## What you should do
The required output is the exact text of the lines from the line containing "Prullenbak/pedaalemmer - 2x" through the final line below, inclusive, without pictures.

## Data segment
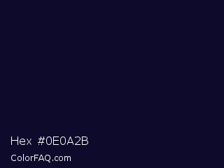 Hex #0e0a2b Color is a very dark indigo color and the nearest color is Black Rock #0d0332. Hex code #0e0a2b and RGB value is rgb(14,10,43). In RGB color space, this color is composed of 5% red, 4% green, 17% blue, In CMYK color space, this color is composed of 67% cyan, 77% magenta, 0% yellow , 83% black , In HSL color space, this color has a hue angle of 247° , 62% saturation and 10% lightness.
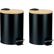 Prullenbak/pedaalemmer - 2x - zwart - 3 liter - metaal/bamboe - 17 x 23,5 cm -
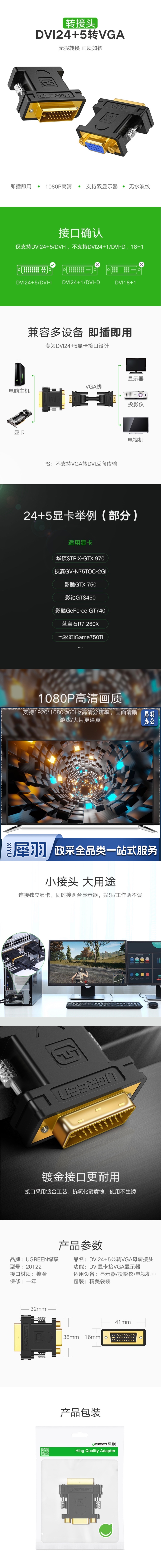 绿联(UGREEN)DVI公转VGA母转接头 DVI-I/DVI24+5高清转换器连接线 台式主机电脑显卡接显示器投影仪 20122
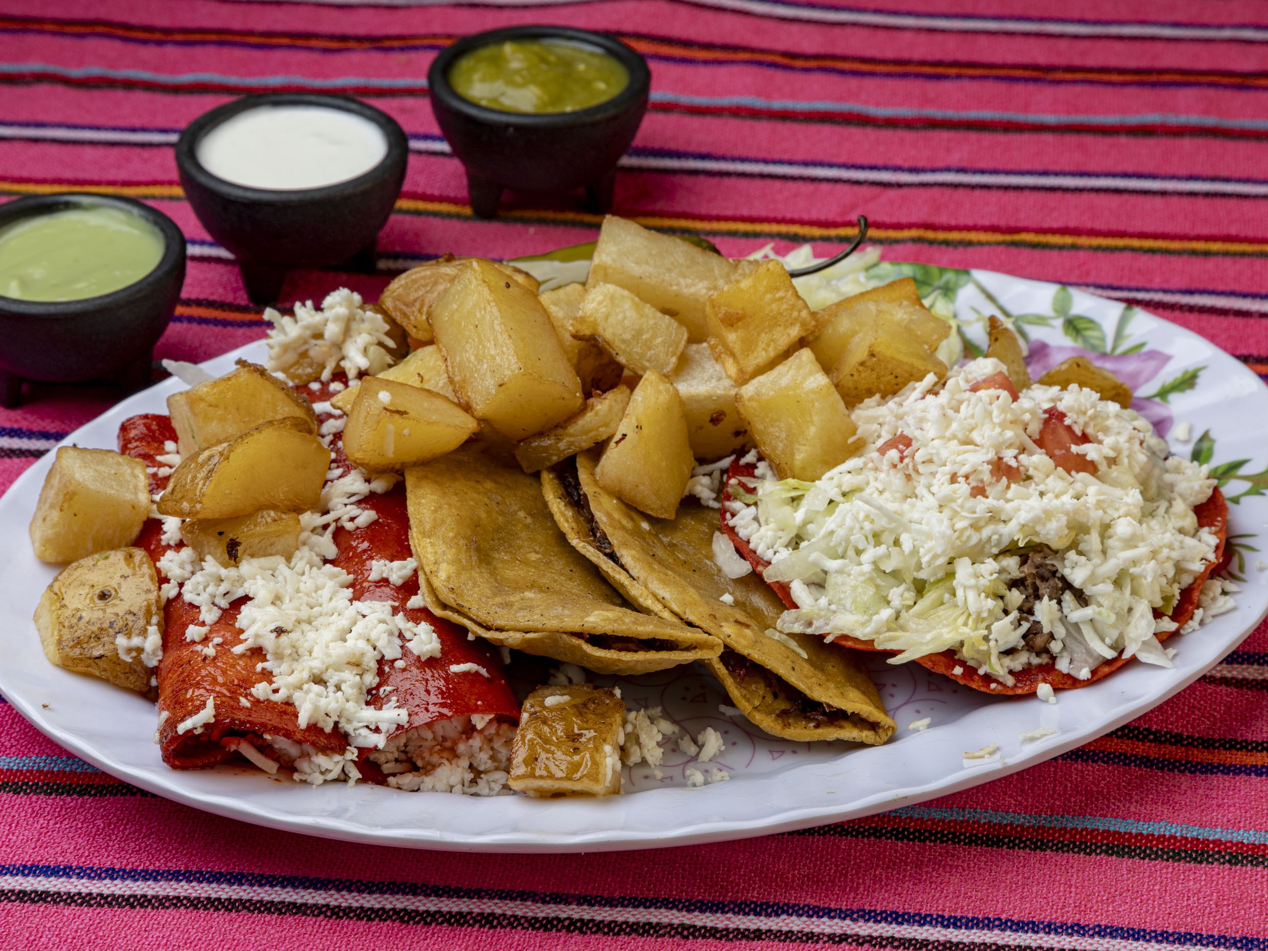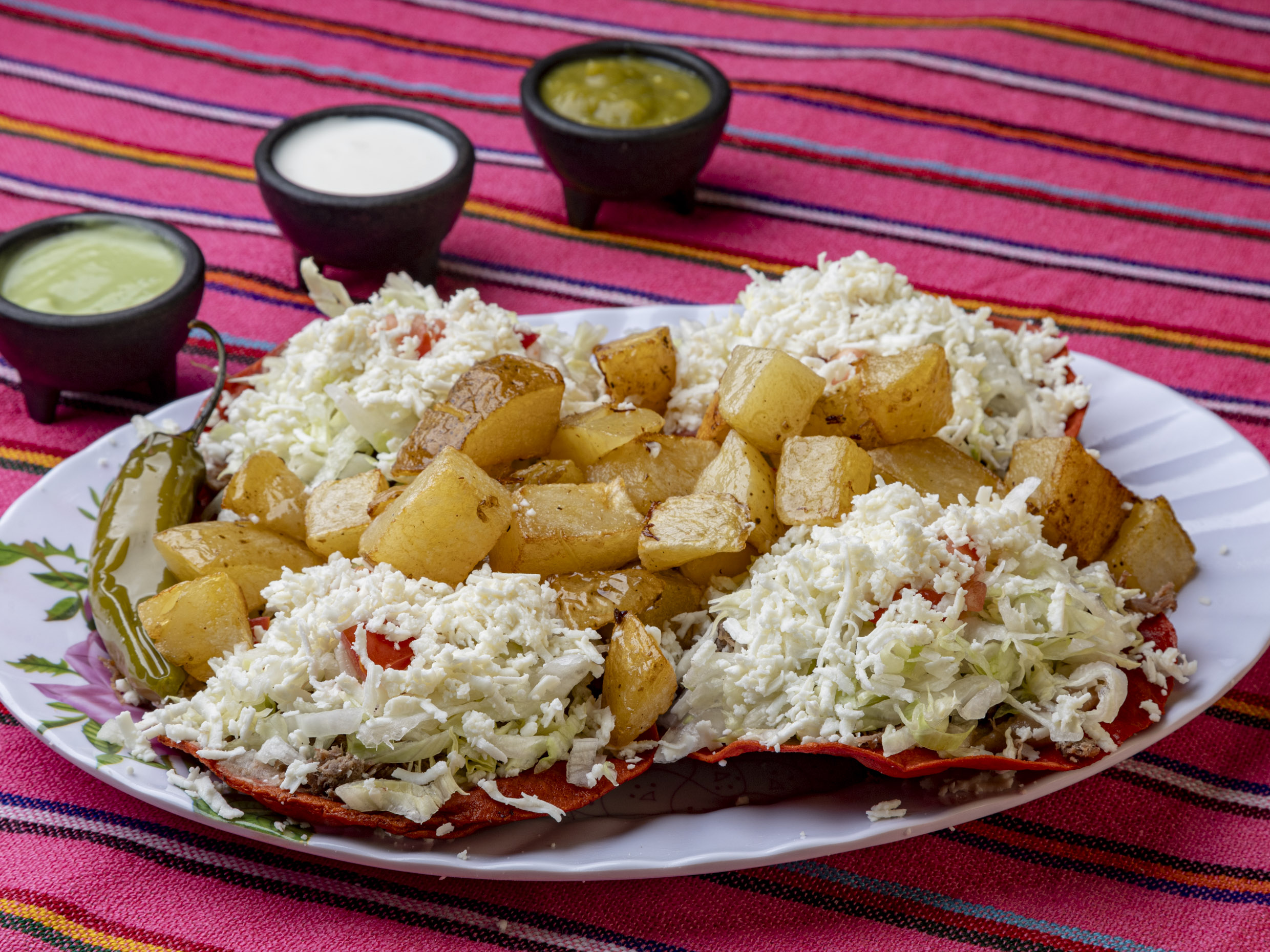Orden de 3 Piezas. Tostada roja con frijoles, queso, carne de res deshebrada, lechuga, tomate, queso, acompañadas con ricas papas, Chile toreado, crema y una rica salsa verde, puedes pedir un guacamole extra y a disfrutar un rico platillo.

## Exercise result
 Prullenbak/pedaalemmer - 2x - zwart - 3 liter - metaal/bamboe - 17 x 23,5 cm -
 绿联(UGREEN)DVI公转VGA母转接头 DVI-I/DVI24+5高清转换器连接线 台式主机电脑显卡接显示器投影仪 20122
Orden de 3 Piezas. Tostada roja con frijoles, queso, carne de res deshebrada, lechuga, tomate, queso, acompañadas con ricas papas, Chile toreado, crema y una rica salsa verde, puedes pedir un guacamole extra y a disfrutar un rico platillo.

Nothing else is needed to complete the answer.